Сафаров появился в цехе вместе с главным энергетиком и главным технологом. Ямиля, предупрежденная им по телефону, тоже была здесь. Она в разговоре не участвовала, но на лице ее читалось настороженное внимание и озабоченность.
Чертежи и расчетные листы были разложены прямо на кожухах дымососов, новый двигатель для барабана стоял тут же, и рабочие начали уже снимать упаковочные доски, откладывая их аккуратно в сторону.
— А где Хабиров? — спросил главный энергетик у начальника цеха Казаргулова. Тот явился с опозданием и, смущенный, скромно держался в тени. Черт бы побрал этого вахтера: знает ведь в лицо, а проявил принципиальность — не пустил без пропуска, пришлось звонить в бюро, объяснять, как да что. За двадцать лет работы первый раз забыл переложить удостоверение в новый пиджак — недаром не хотел надевать на работу, нет, жена настояла — покажись в обновке, вот и показался! Позор на седую голову, глаза теперь ни на кого не поднимешь. Он так ушел в свои переживания, что не понял вопроса главного энергетика и дождался, пока тот раздраженно не повторил: — Где Хабиров, спрашиваю?
— Тут должен быть, — растерянно ответил он, ища глазами Хабирова, словно он и вправду где-то рядом прятался.
— Хабиров у генерального директора, — сказала Ямиля нарочито громко.
— Чего он там потерял? — удивился главный энергетик и укорил начальника: — Порядка у тебя не вижу: и сам опаздываешь, и подчиненные не торопятся… Вызвал, что ли?

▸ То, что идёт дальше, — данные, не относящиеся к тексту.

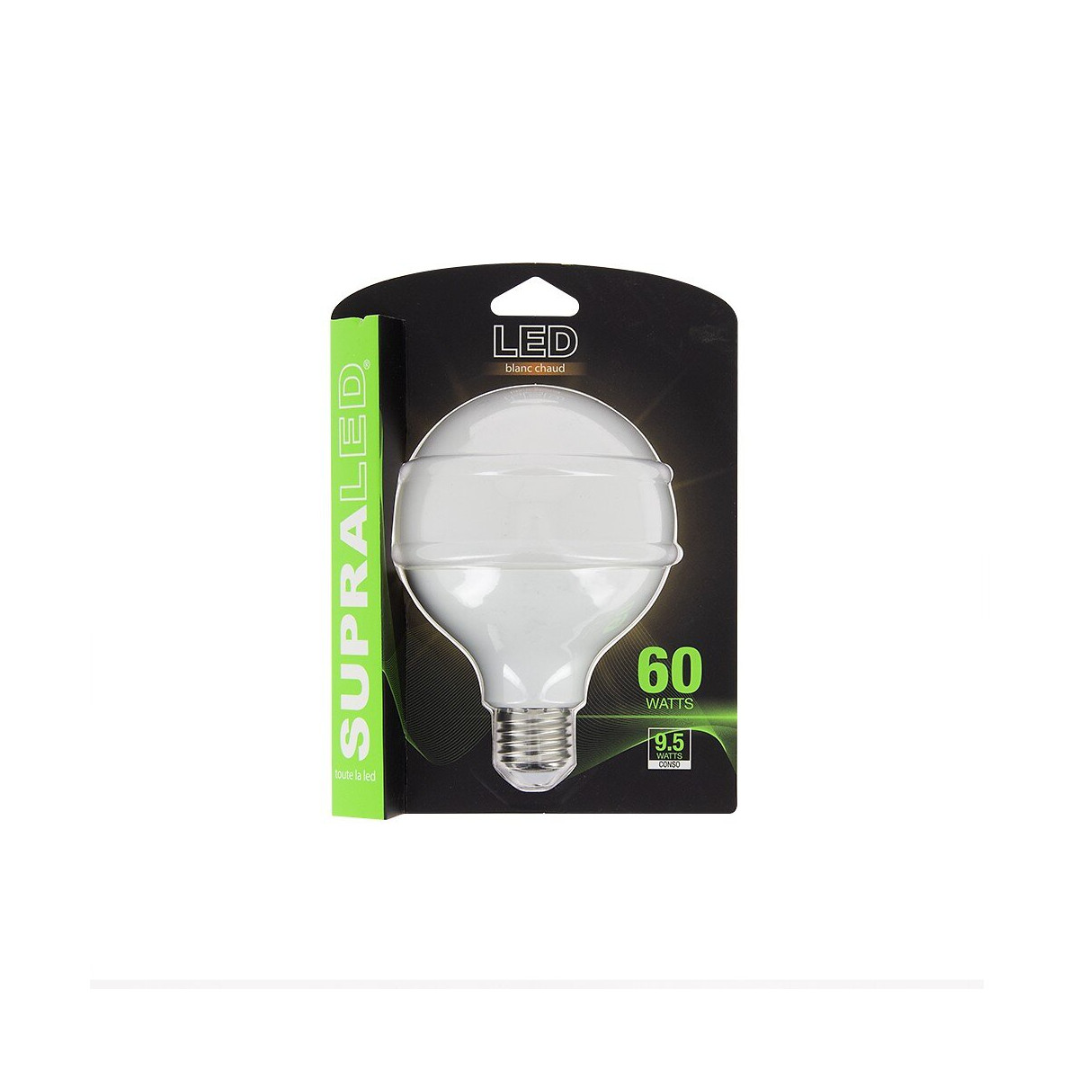 Ampoule LED standard (G95), au culot à vis E27 permettant une installation simple et rapide. Avec sa température de couleur de 2700K d’aspect blanc chaud, cette ampoule SupraLED offrira un éclairage chaleureux à votre intérieur. Elle sera idéale pour vos moments de détentes dans les pièces à vivre et les chambres. Nous recommandons également ce produit pour les restaurants, les hôtels, les bars ou tout autre établissement voulant amener une ambiance relaxante et cocooning dans ses espaces. Équipée de la technologie LED, elle dispose d’une faible consommation d’énergie de 9,5W, équivalant à l’éclairage d’une ampoule incandescente de 60W. Cela vous permettra de faire des économies d’énergie (jusqu’à 90%) pour réduire vos factures d’électricité. De plus, cette ampoule s’allume instantanément sans chauffer, ce qui lui permet de bénéficier d’une durée de vie prolongée : jusqu’à 25 000 heures. Cela vous évitera notamment de remplacer vos ampoules tous les ans. Par ailleurs, au-delà de tous les avantages de cette ampoule LED, il est important de savoir qu’elle est également recyclable dans tous les points de collecte Recyclum.
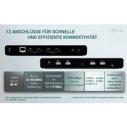Výkonná a přesto cenově dostupná dokovací stanice, která podporuje výstup až na dva externí monitory ve vysokém rozlišení (až 4K / 60 Hz). Dokovací stanice může být použita prakticky se všemi notebooky, protože podporuje připojení na všechny běžné porty: USB 3.0, USB-C, USB4 a Thunderbolt“ 3/4 a podporuje všechny běžné současné operační systémy.

Казаргулов пожал плечами, посмотрел на Ямилю, но та не стала пояснять. Она знала, что Гумер сам напросился на прием к генеральному директору объединения и велел ей как можно дальше тянуть переоснастку агрегата, надеясь, что ему удастся остановить эксперимент. Только как тут затянешь, если у нее никто и не собирался спрашивать разрешения. Сафаров не только главных специалистов сюда привел, но и молодых инженеров с другой смены во главе со сменным механиком Абдрашитовым: он его опекал с давних пор и прочил на замену Гумера. И это была, конечно, более реальная кандидатура, чем Ирек, который после комсомольского собрания оказался вообще не удел.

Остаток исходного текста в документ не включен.